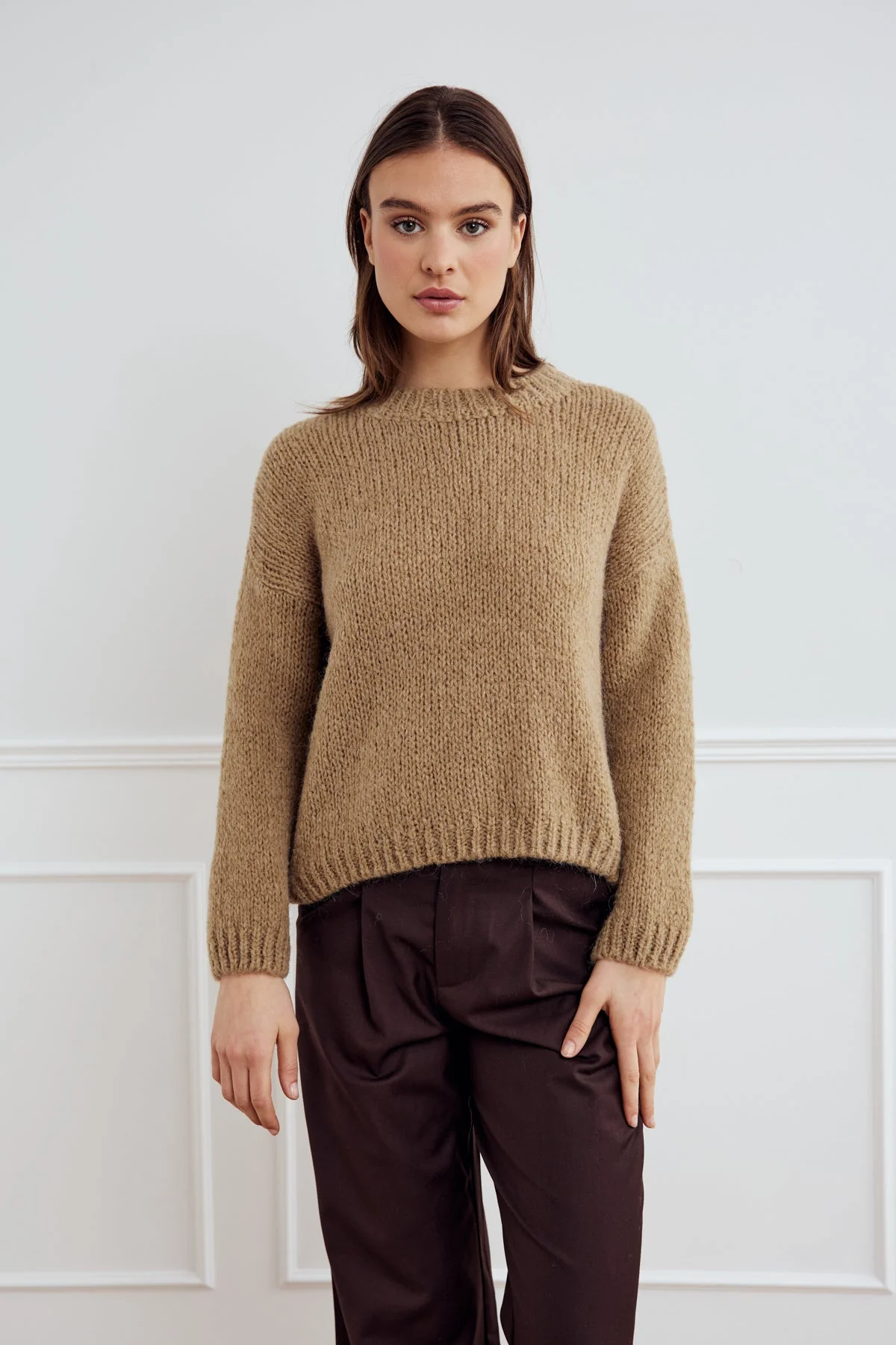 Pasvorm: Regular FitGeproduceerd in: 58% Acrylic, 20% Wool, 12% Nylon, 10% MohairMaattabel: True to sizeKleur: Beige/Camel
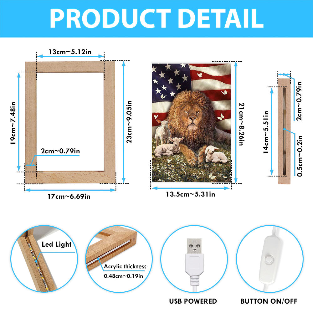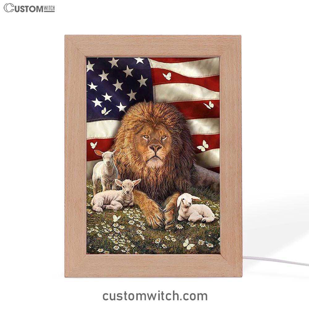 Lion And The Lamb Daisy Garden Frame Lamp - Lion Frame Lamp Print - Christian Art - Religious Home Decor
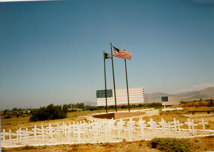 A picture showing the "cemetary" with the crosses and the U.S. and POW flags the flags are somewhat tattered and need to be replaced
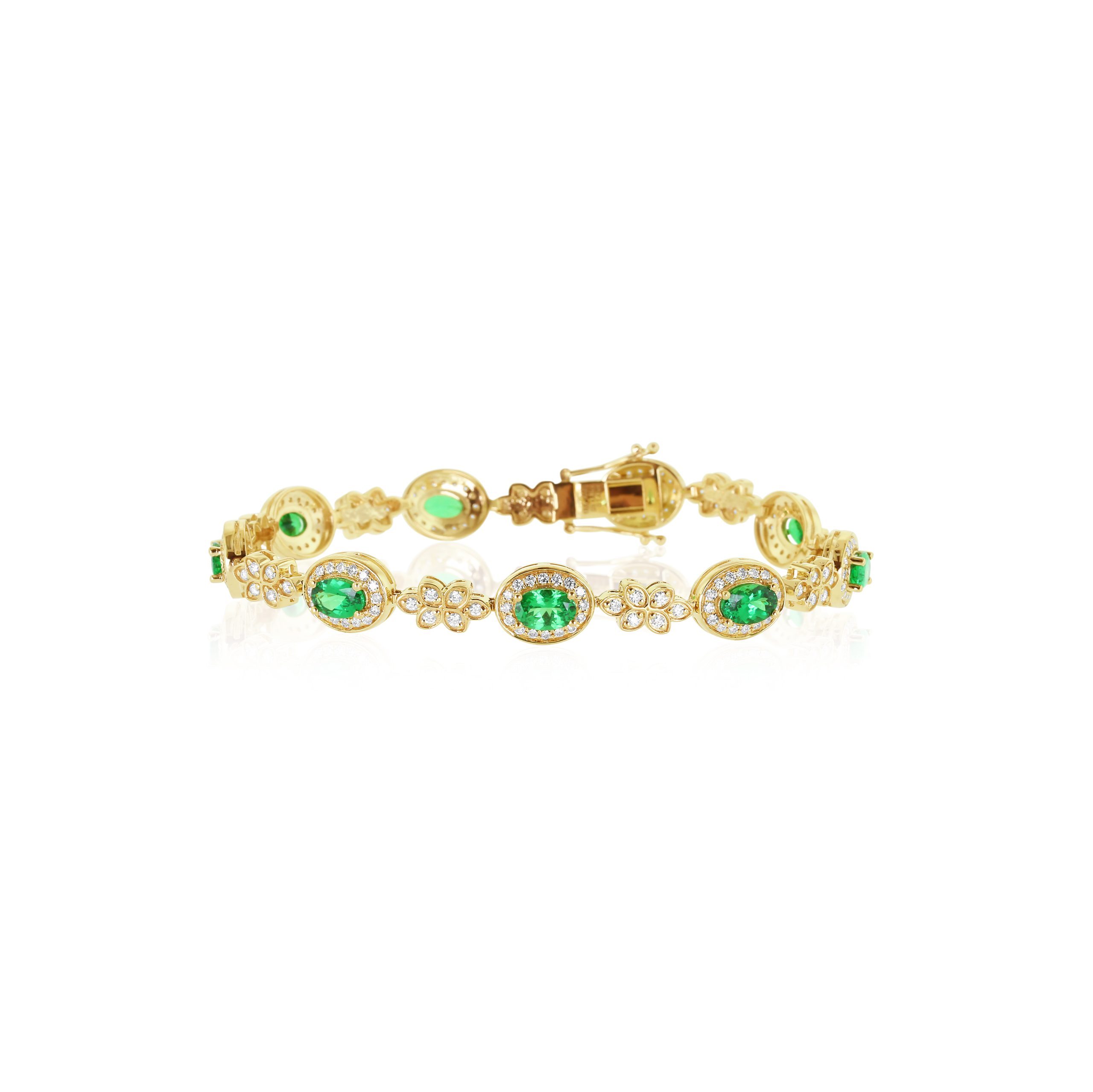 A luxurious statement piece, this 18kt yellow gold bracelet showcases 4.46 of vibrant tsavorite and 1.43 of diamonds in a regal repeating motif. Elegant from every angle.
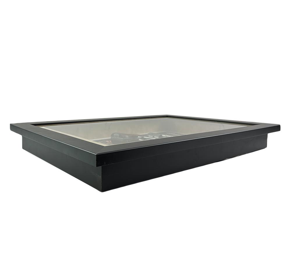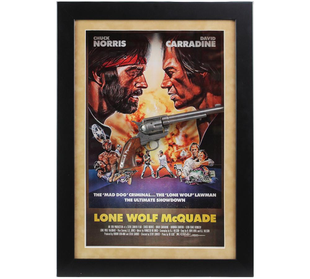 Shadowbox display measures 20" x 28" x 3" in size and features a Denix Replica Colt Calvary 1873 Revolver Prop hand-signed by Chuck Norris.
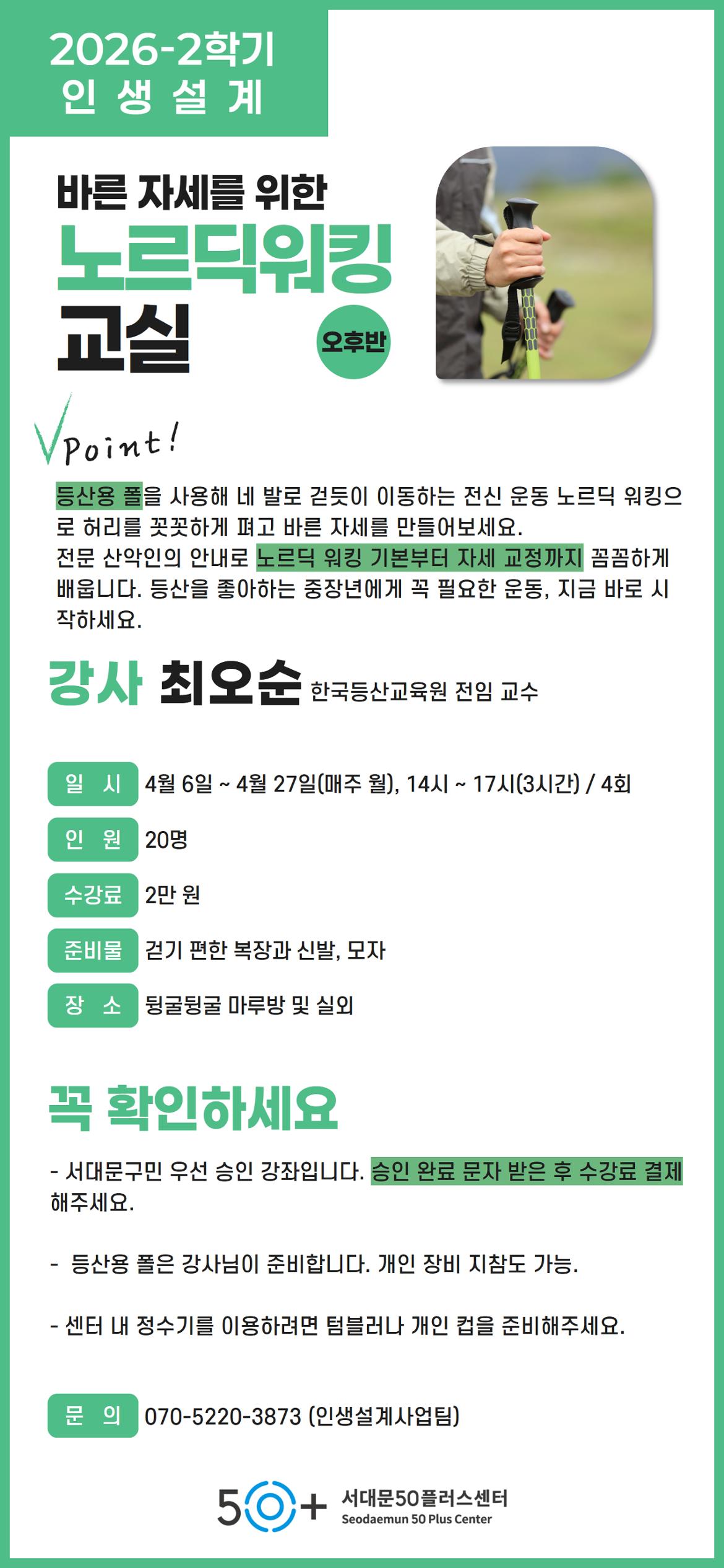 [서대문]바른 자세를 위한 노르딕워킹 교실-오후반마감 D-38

+--

Repeat the listing word for word. Leave images out.

--- Result of this task ---
 Pasvorm: Regular FitGeproduceerd in: 58% Acrylic, 20% Wool, 12% Nylon, 10% MohairMaattabel: True to sizeKleur: Beige/Camel
 Lion And The Lamb Daisy Garden Frame Lamp - Lion Frame Lamp Print - Christian Art - Religious Home Decor
 A picture showing the "cemetary" with the crosses and the U.S. and POW flags the flags are somewhat tattered and need to be replaced
 A luxurious statement piece, this 18kt yellow gold bracelet showcases 4.46 of vibrant tsavorite and 1.43 of diamonds in a regal repeating motif. Elegant from every angle.
 Shadowbox display measures 20" x 28" x 3" in size and features a Denix Replica Colt Calvary 1873 Revolver Prop hand-signed by Chuck Norris.
 [서대문]바른 자세를 위한 노르딕워킹 교실-오후반마감 D-38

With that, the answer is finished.